Christine Barkley, writing in Mythlore, notes that the point of view in The Quest of Erebor is Gandalf's, sharply contrasting with Bilbo's far less well-informed point of view in The Hobbit. That book, she states, uses a third-person, limited-knowledge narrator, supposedly written from Bilbo's diary after the adventure. Where Bilbo is interested in food and comfort, and sometimes other familiar things such as riddles, she writes, Gandalf is concerned with defending the West against the Shadow (Sauron). Further, the Quest actually pretends to be Frodo's memory of a conversation he had with Gandalf, rather than Gandalf actually writing, so there is uncertainty about how much of what Gandalf said may have been recorded.

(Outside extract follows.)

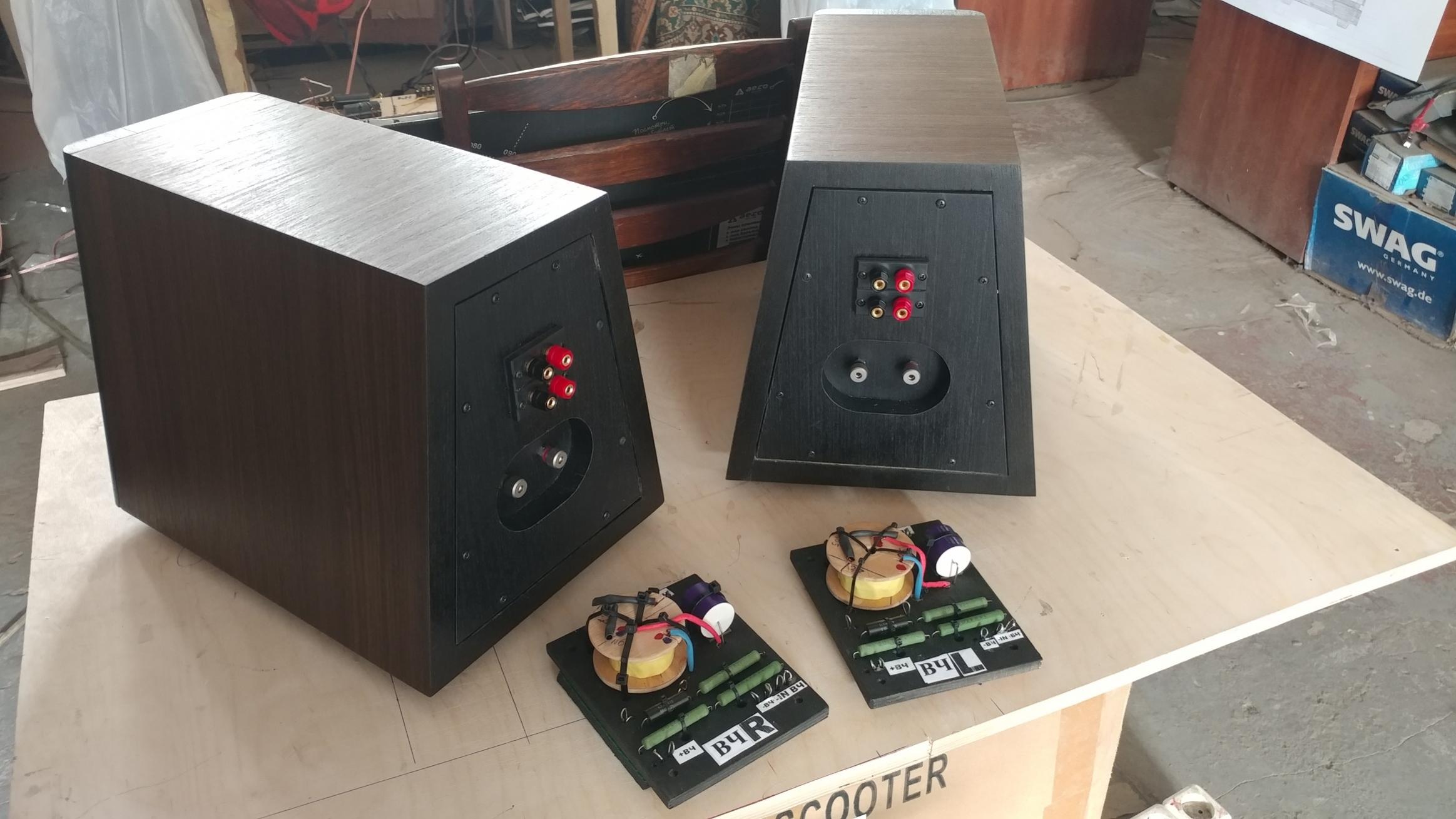 Близится к завершению сборка...смонтировали ВЧ кроссоверы на платы, установили в корпусы ВЧ и СЧ. На задней стенке корпусов ВЧ и СЧ вынесли дополнительные акуст. клеммы для установки при необходимости перемычек...подьем СЧ и ВЧ на 2,5 дб. Это бывает нужно при отстройке в конкретном помещении...
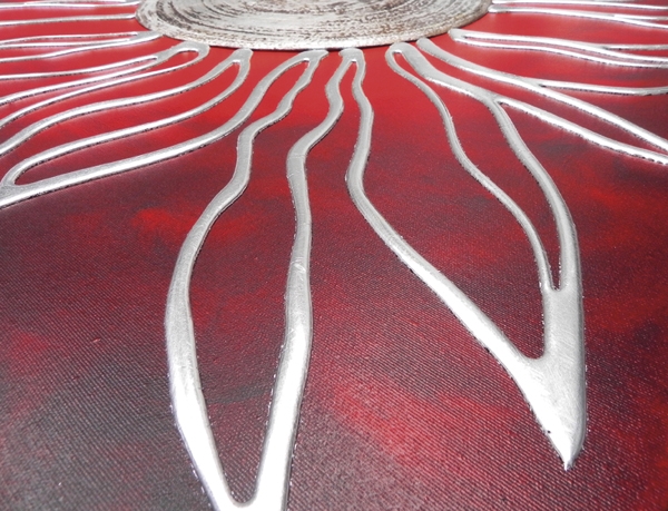 Relief elements hand-decorated with resins, material, silver leaf on linen structure, glossy finish.

And when Frodo asks if he has now heard the full story, Gandalf replies "Of course not", so the narration is explicitly incomplete. From the reader's point of view, the point of the story is to explain how The Hobbit fits into the background of The Lord of the Rings, or more precisely, in Barkley's words, "why Bilbo was included in the dwarves' plans at Gandalf's suggestion."

Frank P. Riga and colleagues, also in Mythlore, write that Peter Jackson used the Quest to enrich the story when transforming The Hobbit from novel to film for his 2013 film adaptation, The Desolation of Smaug. Among other things, the film opens with the meeting between Gandalf and Thorin at The Prancing Pony. Elements of Gandalf's motivations and previous discussions with Thorin also find their way into the 2012 film An Unexpected Journey as dialogue, particularly in the meeting held in Bilbo's house. In their view, the Quest "closely and thoroughly connects the action of The Hobbit with the larger, cosmic concerns of its sequel, showing how the Dwarves' struggle to regain their homeland became crucial in frustrating Sauron's plan to attack Lorien and Rivendell." They explain that the quest had to succeed, or the actions described in The Lord of the Rings could not have occurred. Jackson used the connections, they state; for instance, making Saruman order Gandalf to stop the quest, and making Gandalf refuse, supported by Galadriel.